Question

Explain the meaning of \(\lim _{x \rightarrow-\infty} f(x)=10\).

Short answer

Answer: The given limit expression \(\lim_{x \rightarrow -\infty} f(x) = 10\) means that as the input x approaches negative infinity (i.e., becomes increasingly large in the negative direction), the function f(x) approaches a constant value of 10. This can be visualized on the graph of f(x) with a horizontal asymptote at y = 10.

Step-by-step solution

Understand the concept of limit

A limit is a value that a function approaches as the input (in this case, x) approaches a specified value. In our exercise, the input x is approaching negative infinity, which means that the function f(x) is being evaluated for increasingly large negative x values.

Interpret the given limit expression

The expression \(\lim_{x \rightarrow -\infty} f(x) = 10\) tells us that as the input x approaches negative infinity, the function f(x) approaches a constant value of 10. It's important to note that this does not mean that f(x) equals 10 for all negative values of x, but rather that the values of f(x) get closer and closer to 10 as x becomes larger and larger in the negative direction.

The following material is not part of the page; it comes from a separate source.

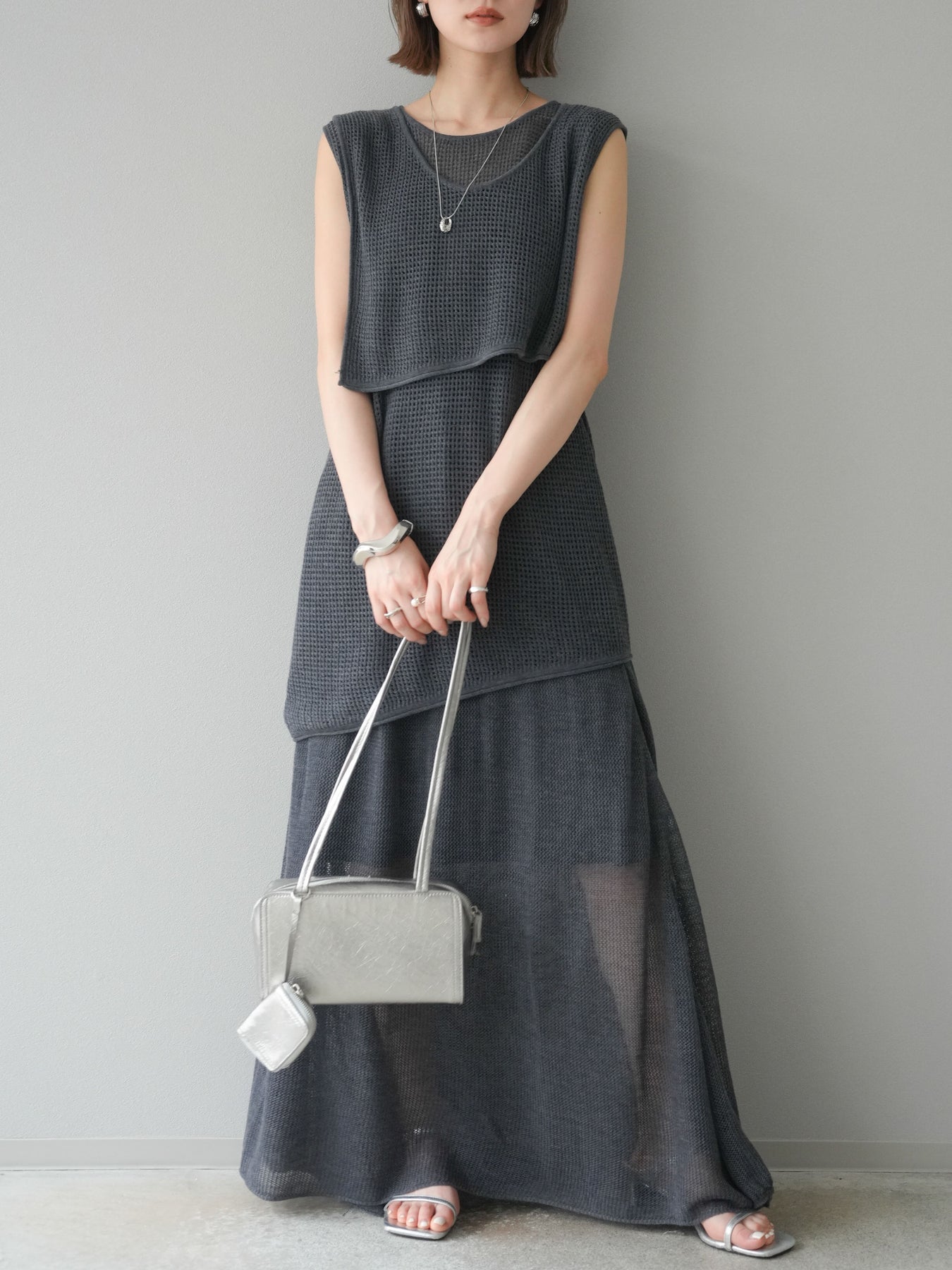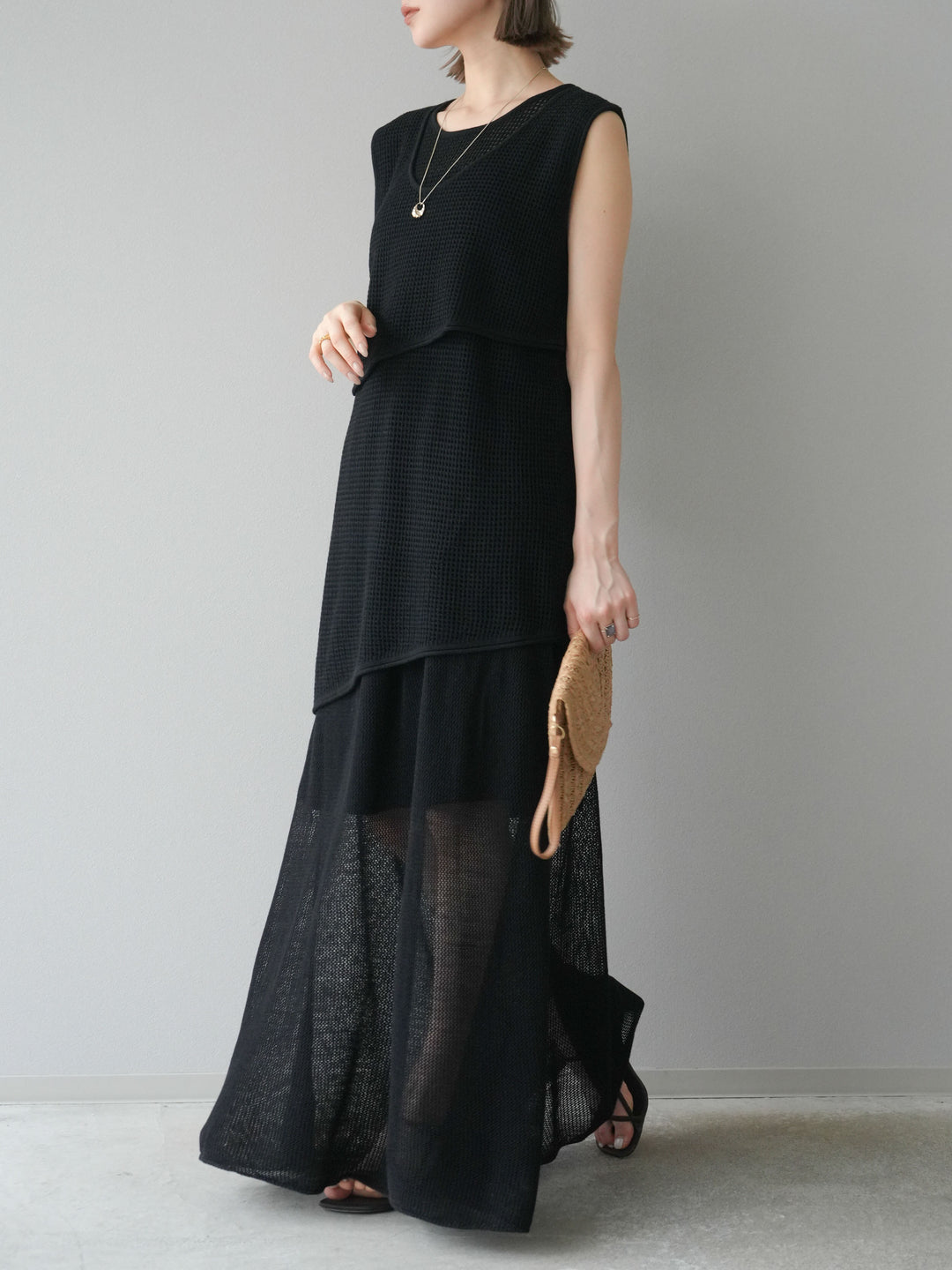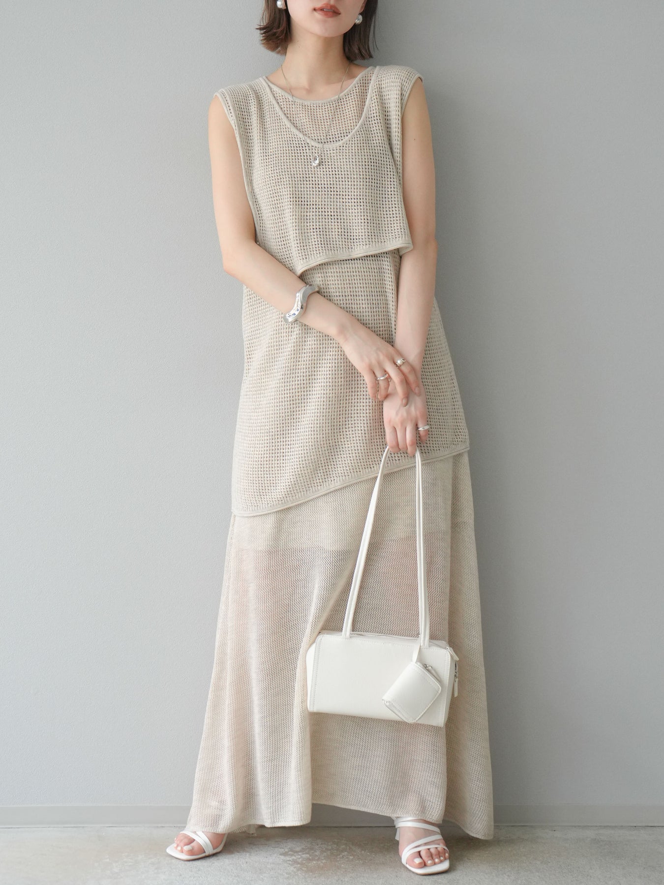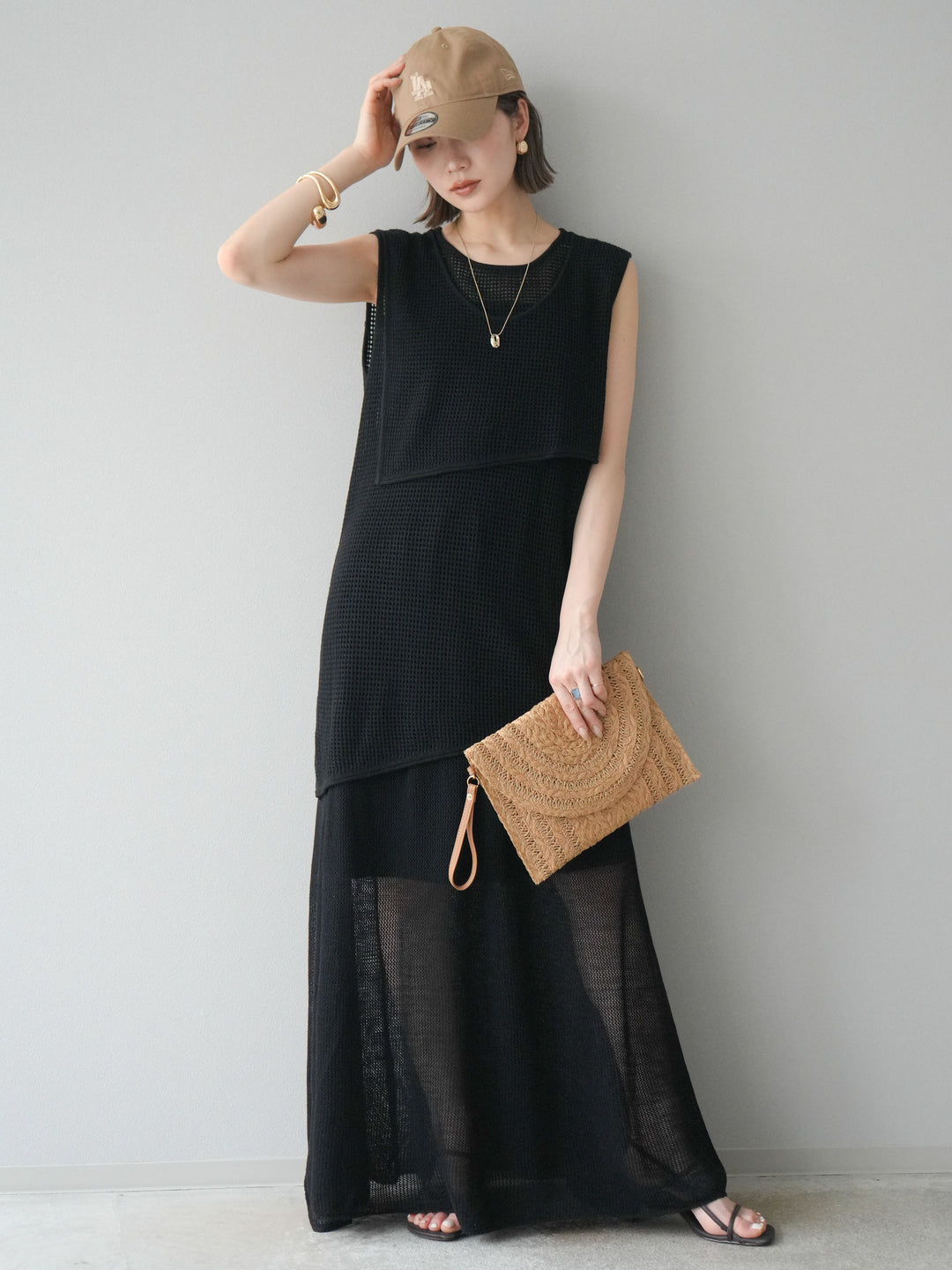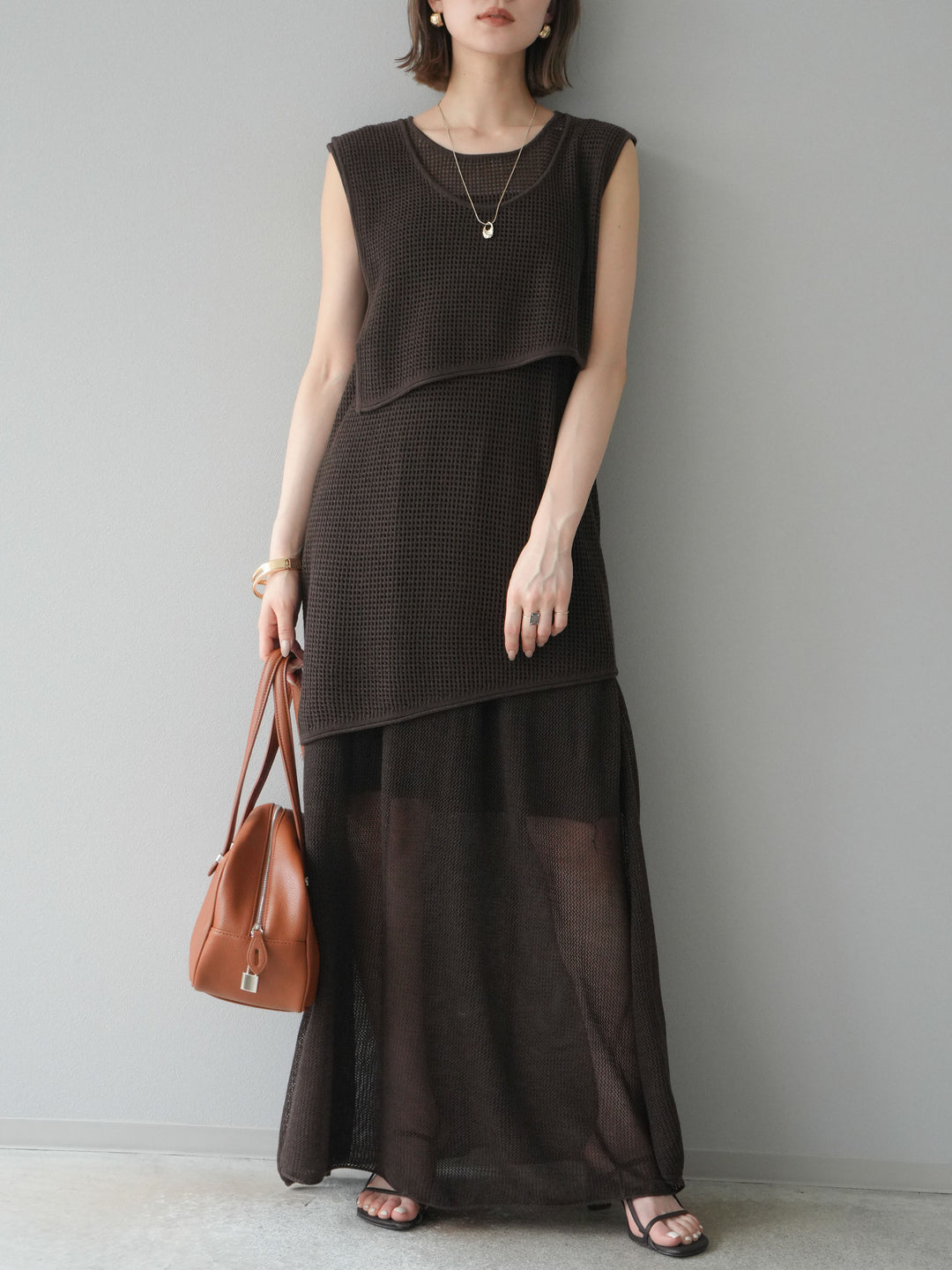 [SET]メッシュレイヤードニットトップス&スカートSET UP +選べるアクセセット(2set)

Visualize the limit on the graph of f(x)

To better understand the meaning of the limit, we can imagine the graph of the function f(x). Since the limit is 10 as x approaches negative infinity, the graph of f(x) would appear to get closer and closer to the horizontal line y = 10 as we move towards the left (in the negative x direction) on the graph. This horizontal line is called an asymptote, which represents a line that the function approaches but may never actually reach exactly.

Conclude the explanation

In conclusion, the expression \(\lim_{x \rightarrow -\infty} f(x) = 10\) means that as the input x gets increasingly large in the negative direction, the function f(x) approaches a constant value of 10. This can be visualized on the graph of the function as an asymptote at y = 10.